Milagro is most *welcome* to join our backyard flock, where we will keep her as safe as possible, however it isn't same as becoming as 'house' pet.

We would greatly appreciate any input on this situation. 

Susan,
I forgot to mention, we do have a member who makes 'birdie diapers'. I don't use them as my birds live in an aviary & not the house, but there are members who have used them & highly recommend them.
Here are a couple links to Boni's 'Birdwear'.
http://www.pigeons.biz/forums/f24/birdwear-diapers-are-here-21642.html

http://www.pigeons.biz/forums/f24/dove-wear-from-birdwear-27063.html

If you decide to release Milagro, I would suggest releasing her over here where there is an established flock (which is around 24 pigeons & doves). I can keep a close eye on her & as Kim mentioned, we have great neighbors. 

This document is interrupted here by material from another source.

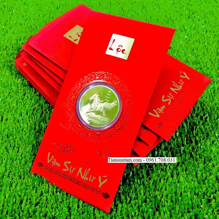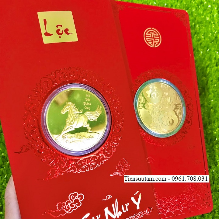 Đặc điểm nổi bật: Bao Lì Xì Lộc Mã Đáo Thành Công gồm một bao lì xì đỏ đi kèm với mặt xu hình chú Ngựa đang phi nước đại ở giữa, được ốp nhựa arylic bên ngoài. Hình ảnh Ngựa phi nước đại thường gắn liền với câu chúc " Mã Đáo Thành Công " dành cho những người làm ăn kinh doanh hay đang tiến bước trên đường quan lộ được mọi việc suôn sẻ, thuận lợi... nên Bao Lì Xì Lộc Mã Đáo Thành Công sẽ phù hợp với những người có năm tuổi tương đồng, dùng để cầu thêm may mắn, thăng tiến trong công ăn việc làm... Đồng thời xu cũng sẽ là món quà ý nghĩa dành tặng người thân và bạn bè dịp Lễ Tết...
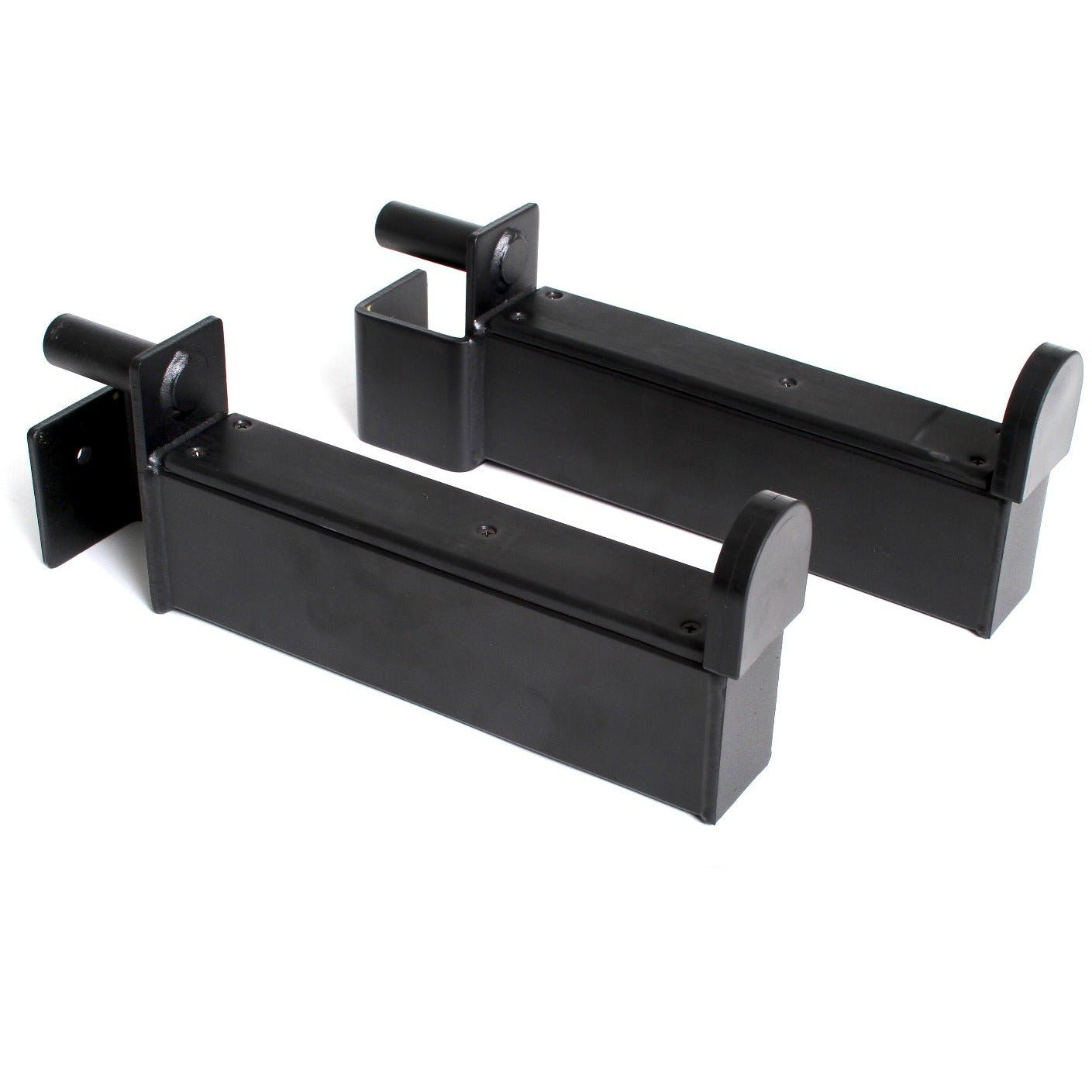 Padded for bar protection - Slightly longer hooks for safety - Angled for a perfect lift off and set down. Fits Powertec Power Racks and Half Racks Only with Uprights of: 2 ⅜" x 2 ⅜". Not designed for non Powertec products

I think living on the lake helps a lot as we have ducks & other feathered friends that visit our yard. So it's not unusual to see birds flying in & out during the day. Their needs are taken care of in our yard & our backyard is maintained weekly, so they have no reason to go to the neighbors, & the nieghbors have no reason to complain, which they never have. 

Cindy


----------



## Milagro's Mom (Jun 4, 2008)

*Thanks again*

Cindy - you are such a grand lady!!!!

I think it would be best to bring her to you. Let me know what we need to do to prepare her and when would be a good time to bring her by. I think your environment would be the best, as I can't be sure about my neighborhood, they are not as bird friendly. She has imprinted on me too, I can't believe how quickly I got attached,  but I can't see her in a cage, I saved her so she could be free. 

I look forward to meeting you - give me a ring when you can.
take care,
Susan


----------



## Lovebirds (Sep 6, 2002)

This is so great. Your little one couldn't possibly go to a better place PLUS, Cindy is GREAT with the camera, so maybe we'll get to see pictures of Milagro once in a while. How cool is that?


----------



## Whitefeather (Sep 2, 2002)

Milagro's Mom said:


> Cindy - you are such a grand lady!!!!
> 
> I think it would be best to bring her to you.
> * *Let me know what we need to do to prepare her and when would be a good time to bring her by. *
> ...


* There's really no preparation. Just keep reassuring her she will be OK. 

** I doesn't take long.

*** And free she will be. 

I'm going to be in & out for the next couple days, but will give you a call so we can set up a time to bring Milagro over & give you directions. 

Cindy


----------



## Milagro's Mom (Jun 4, 2008)

*Thanks to all*

Everyone has been so kind and supportive...thanks to all of you.

Cindy - thanks again especially, and I'll await your call/directions to Milagro's new home...you will love her.


----------